People right across the state have gone out and used the voucher, and importantly, spent more. It’s driven economic activity in New South Wales. It’s got people back into work. We know that they’re popular.
We said as we were going through the economic recovery period that we’d look at those programs that worked and we would expand them if we could. That’s exactly what we’ve done in relation to this.
at 4.46pm EDT
Australians hoping to fly overseas in the coming months are facing exorbitant costs due to high demand and a scarce supply of seats on services flying into the country, as experts warn high prices will last another year.
The complicated logistical planning required for airlines to ramp up from skeleton operations has meant those seeking to take advantage of the reopened border will face financial hurdles, while aircraft are recalled from desert parking lots and furloughed staff and ground handling contracts are brought back online.
A backlog of more than 45,000 Australians are still stranded overseas, adding another layer of complexity, demand and frustration to the picture.
An analysis of flight costs provided to Guardian Australia by the booking site Kayak shows the average cost of a one-way economy ticket from Sydney to New Delhi – the most sought-after route on the site over the past month – is $1,051, while the return leg on average adds $2,668 to the ticket cost for travel between November and December.
You can read the full report below:
at 4.45pm EDT
Good morning, everyone, and welcome to Thursday.
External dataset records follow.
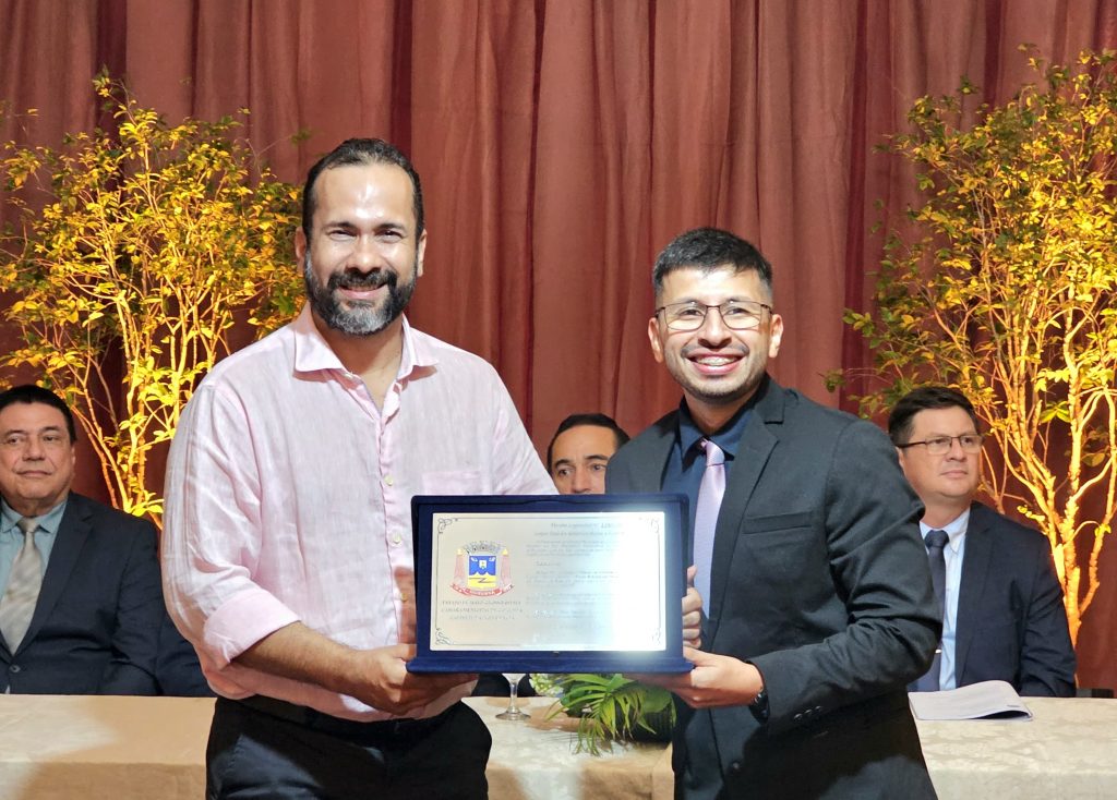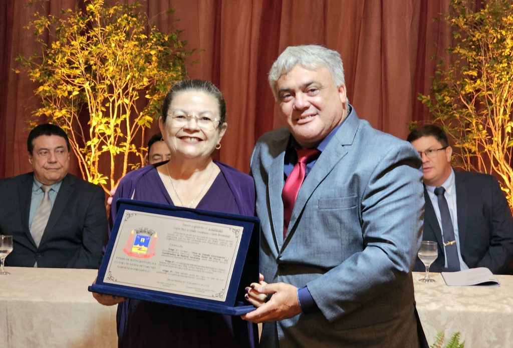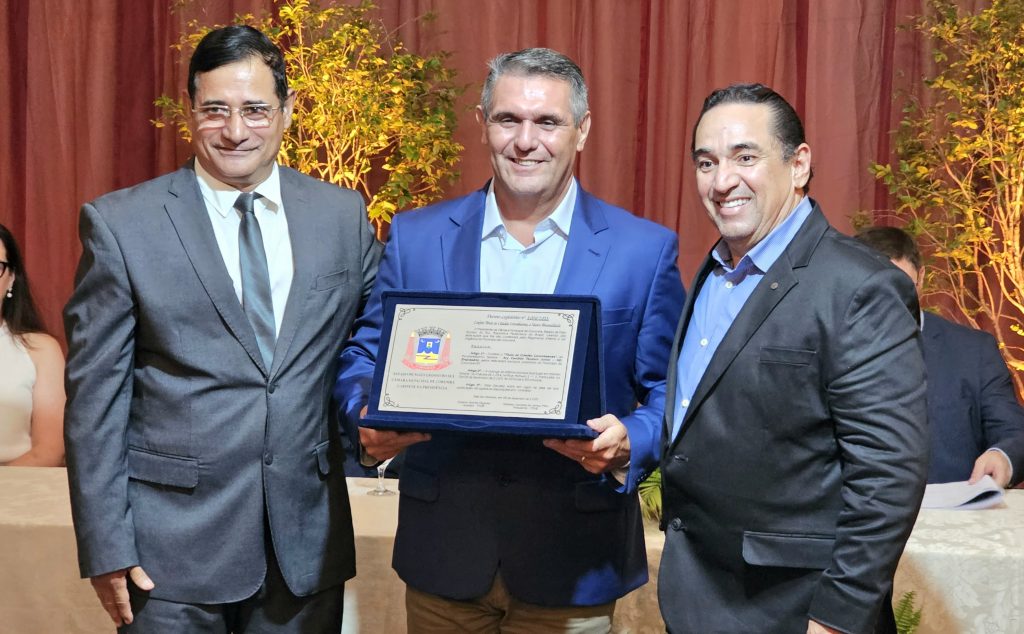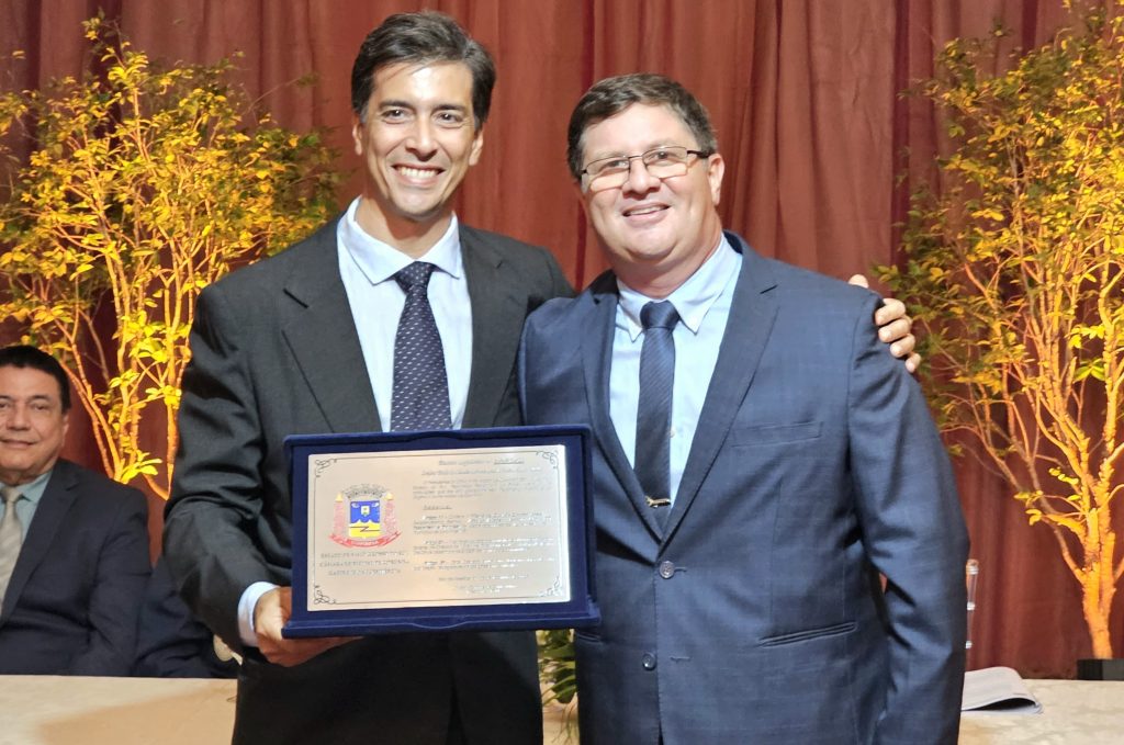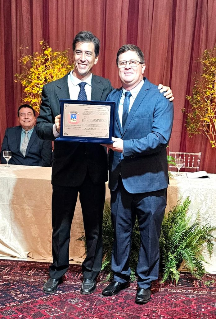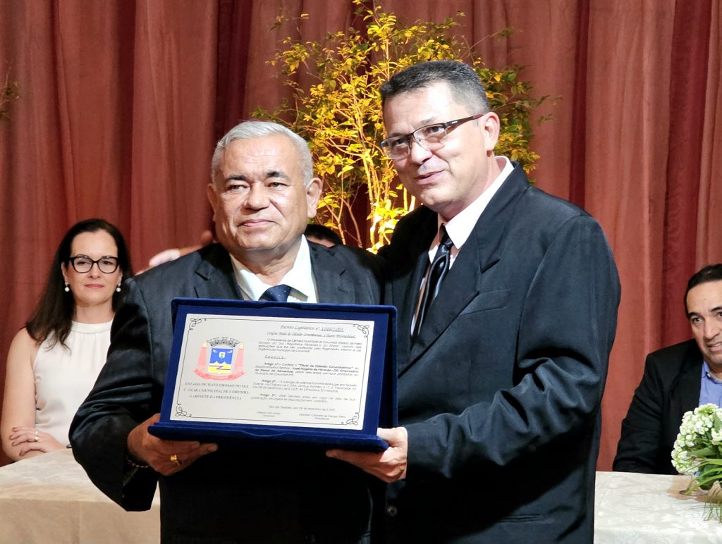 A condecoração ocorreu na noite de ontem, sexta-feira, 8 de dezembro, durante Sessão Solene no salão de eventos da Chácara da Mil, e foi comandado pelo presidente do Poder Legislativo corumbaense, Ubiratan Canhete de Campos Filho (Bira).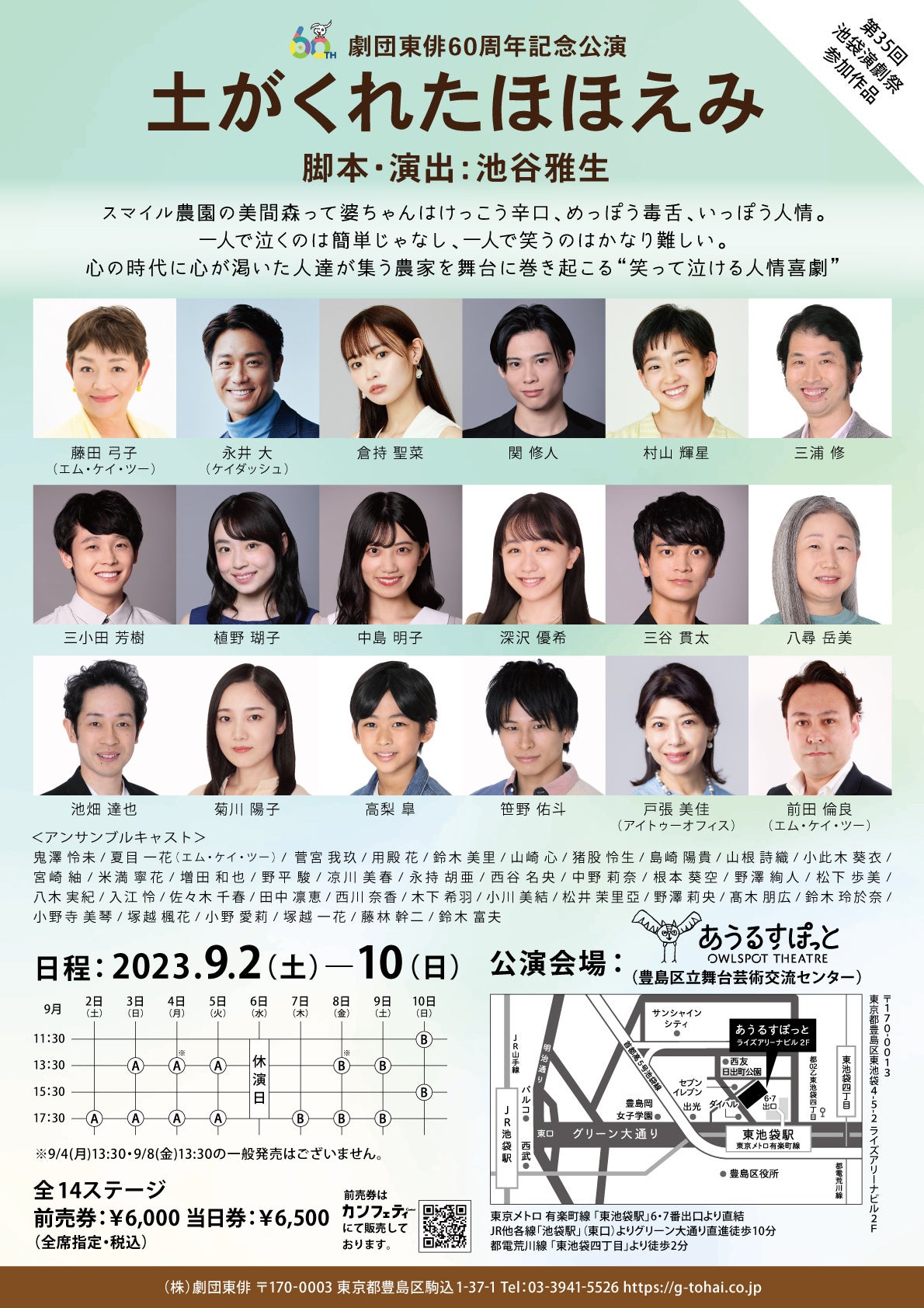 アニバーサリーイヤーを記念し、劇団東俳60周年記念公演「土がくれたほほえみ」の上演が決定いたしました。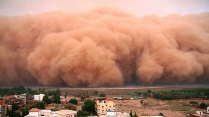 O uriaşă furtună de nisip a acoperit întregul oraş. Norul dens de praf s-a propagat cu repeziciune, iar vizibilitatea a fost redusă la zero.

We are nearly done with the week – don’t worry, we can do it!
Well, vaccinations rates are rising fast in Australia’s two most populous states and, as positive is as that is, it’s causing a little bit of a headache for the new NSW premier.
Dominic Perrottet is looking down the barrel of reaching 80% of the 16 and over population being fully vaccinated less than a week after opening the state up after reaching 70%.
The government has promised that the next stage of the post-lockdown reopening will start the Monday after the state reaches 80% full vaccination among its eligible population. But whoops! Many are predicting 80% to be reached on Sunday, potentially leaving only a week between the two phases.
The government’s Covid-19 and economic recovery committee – formerly known as crisis cabinet – will on Thursday discuss postponing regional travel, given the lower vaccination coverage in rural communities.
Perrottet alluded to this yesterday:
There has been concerns raised about regional NSW when you look at those double dose vaccination rates …
[But] we don’t make decisions on a knee-jerk reaction. We make decisions in consultation with our health and economic teams.
Down south in Victoria it looks as though reopening could be coming early as well, with the chief health officer suggesting he is open to lifting Melbourne’s lockdown before next weekend.
The state is on track to reach its 70% double vaccination target before the indicative date of 26 October, and Brett Sutton confirmed that a decision on reopening could be announced as early as this weekend.
While speaking to ABC radio yesterday, he also hinted that the home visitation ban could be lifted, which under the state’s original Covid-19 roadmap, was slated to change at 80%:
We’ve always said, if we can do more, we will do more … We’re acutely aware of home gatherings leading to spikes and that was definitely a feature of [the AFL] grand final. They were people that didn’t normally come together …
It’s different for families. If we can limit numbers, if we think the epidemiology looks OK, absolutely open to that as well.
OK, with all that out of the way, why don’t we jump right into the day!